What Does Gum Disease Have to Do with Oral Appliance Therapy for Sleep Apnea?

Oral appliance therapy is a terrific option for many people with obstructive sleep apnea. It can be as effective as CPAP but a lot more comfortable and convenient. You don’t have to sleep with a mask tethered to a machine. You don’t have to plug into an outlet or worry about having back-up power in the event of an outage.

You simply wear a lightweight appliance as you sleep to hold your jaw in an optimal position, keeping your airway free and clear through the night. You can breathe easy and sleep easy.

Oral appliance therapy isn’t always an option, though. For instance, if you don’t have enough teeth to support the appliance, this treatment may not be possible (though it is possible to fit an appliance over well-fitted dentures). This is also sometimes the case if you have advanced periodontal (gum) disease.

Gum disease is an infection marked by chronic inflammation. As it progresses, the infection starts to destroy both the soft gum tissues and the underlying bone that supports your teeth. As support is lost, the teeth loosen in their sockets.

When teeth are in this precarious state, OSA appliance therapy can actually make things worse. It may need to be delayed until periodontal conditions have improved.

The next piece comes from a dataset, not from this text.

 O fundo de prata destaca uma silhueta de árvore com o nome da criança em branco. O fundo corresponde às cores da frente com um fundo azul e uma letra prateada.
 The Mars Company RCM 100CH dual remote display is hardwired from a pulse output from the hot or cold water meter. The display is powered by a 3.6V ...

A good amount of that improvement comes from periodontal therapy. The standard treatment is a procedure called scaling and root planing (SRP), but many people call a “deep cleaning.” SRP involves cleaning thoroughly below the gumline, where harmful bacteria can thrive. An ultrasonic scaler is typically used to help loosen plaque and break up oral biofilms. Tools like lasers and ozone may also be employed to help disinfect the tissues.

Ramping up your home care can also help you improve the health of your gums. That means making sure you floss daily. If you don’t like floss or have trouble with it, you can use a water flosser or interdental brushes instead. Some studies have found interdental brushes to be even more effective than floss! Use those brushes to simultaneously apply ozonated oil, and the benefits can be even greater.

And then there’s diet.

In fact, multiple studies have shown that even if you don’t change a thing about your oral hygiene, shifting to a less processed, anti-inflammatory diet can lead to significant improvements in gum health. This means eating far fewer sugary foods and other highly refined carbs and eating more nutrient-dense real food, particularly foods rich in omega-3 fatty acids, fiber, and antioxidants such as vitamin C, vitamin D, and CoQ10.

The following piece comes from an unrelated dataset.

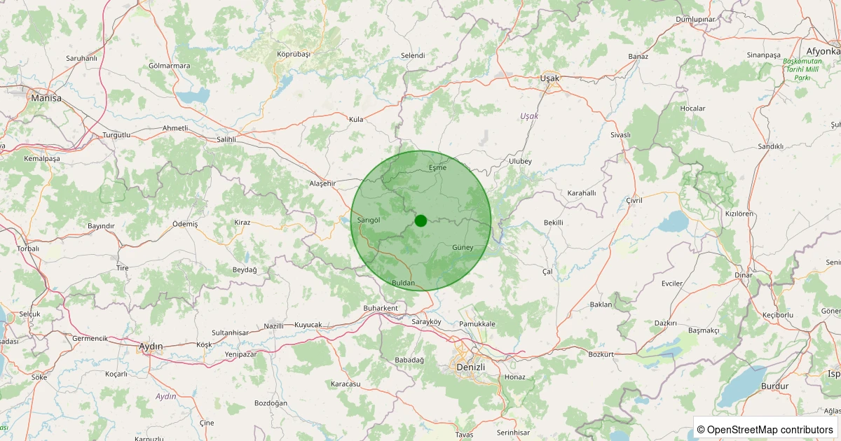 Son 7 gün içinde Buldan - Karaköy noktasından 100 km yarıçap içerisinde meydana gelen diğer depremler:

In fact, just reducing your intake of added sugars alone can make a difference, as confirmed by a recent review of the science.

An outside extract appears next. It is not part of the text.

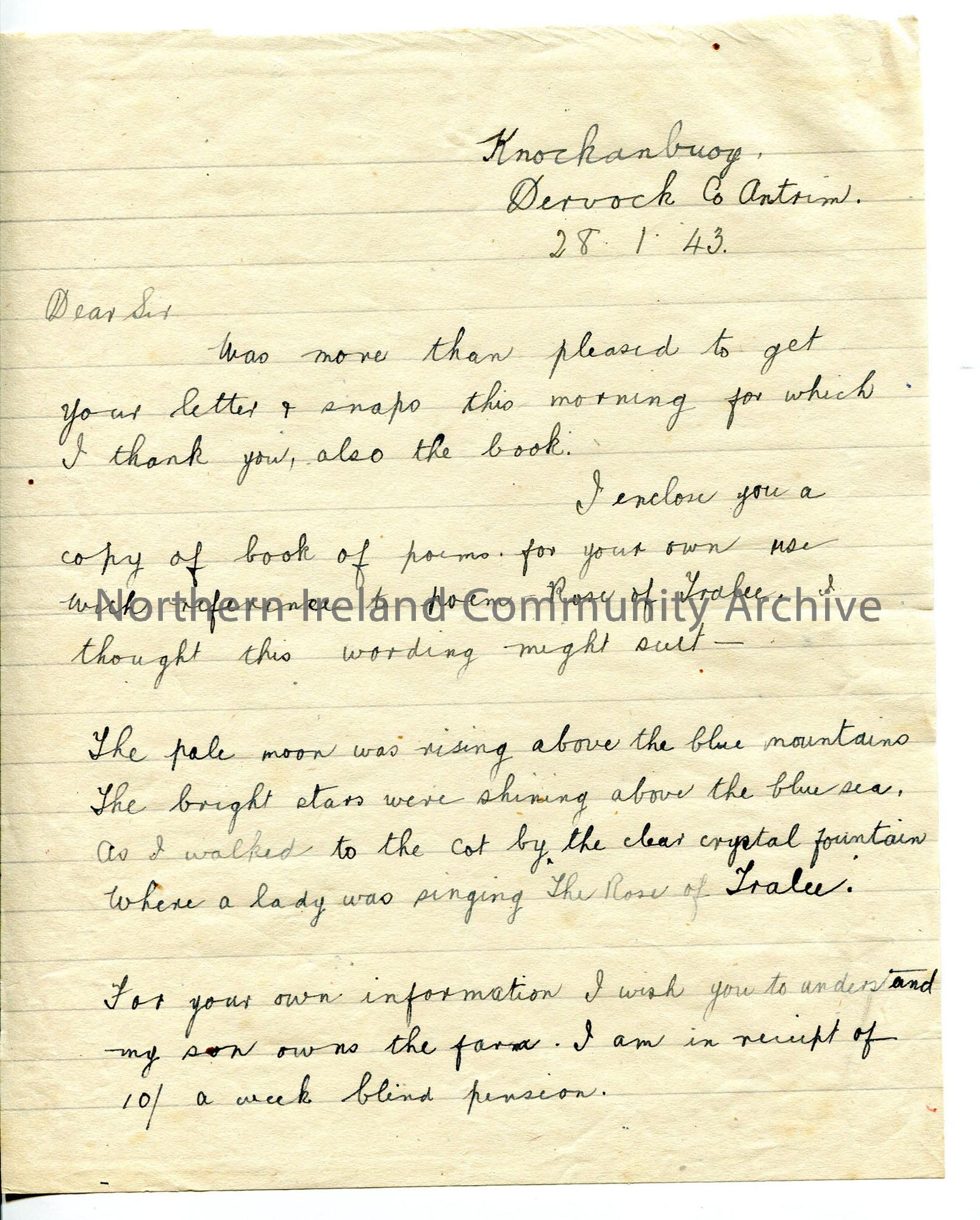 One of 2 pages of handwritten letter, stating book enclosed and draws reference to ‘Rose of Tralee’ – gives alternative wording in letter.

Its authors sifted through nearly 1800 studies to find 9 that met their criteria for inclusion, such as a record of gingival measurements like inflammation and bleeding. Some looked at plaque scores, as well. Their analysis found “that reduced free-sugar consumption was significantly associated with reduced gingival inflammation.”

No surprise that plaque levels were lower, as well. Sugar, after all, is the preferred food of the bacteria that cause tooth decay. Cut the sugar, and you effectively starve them, keeping them from gaining so much of a foothold.

The reduced gingival inflammation also makes sense, since sugar is well known to fuel chronic inflammation. Cut the sugar and other refined carbs, which are digested as sugar, and you reduce the inflammatory aspect of your diet a whole lot.

And that brings us to a large new study out of Korea which looked at the relationship between inflammatory diets and periodontitis. Participants completed questionnaires about their food intake, and that data was used to determine how inflammatory their diet was. This was compared with gum disease diagnoses.

Analyzing all the data, the researchers found that there was “a significantly increased risk of incident periodontitis in individuals consuming high E-DII (more pro-inflammatory) diets in the total population.”

That type of diet is one that contains a lot of sugars, refined grains and other carbs, processed meats, excessive alcohol, and hyper-processed foods. (For the last, think of fast foods, ready-made meals, and other foods that contain one or more ingredients that you wouldn’t find in the average home kitchen.)

An anti-inflammatory diet, on the other hand, includes lots of fresh vegetables and fruit, and foods like beans and other legumes, oily fish, whole grains, and healthy fats.

The Mediterranean diet is a great example of what an anti-inflammatory diet looks like – and a delicious way to support healthy teeth and gums, so if you do need appliance therapy, periodontal disease won’t be a barrier to getting the apnea treatment you prefer.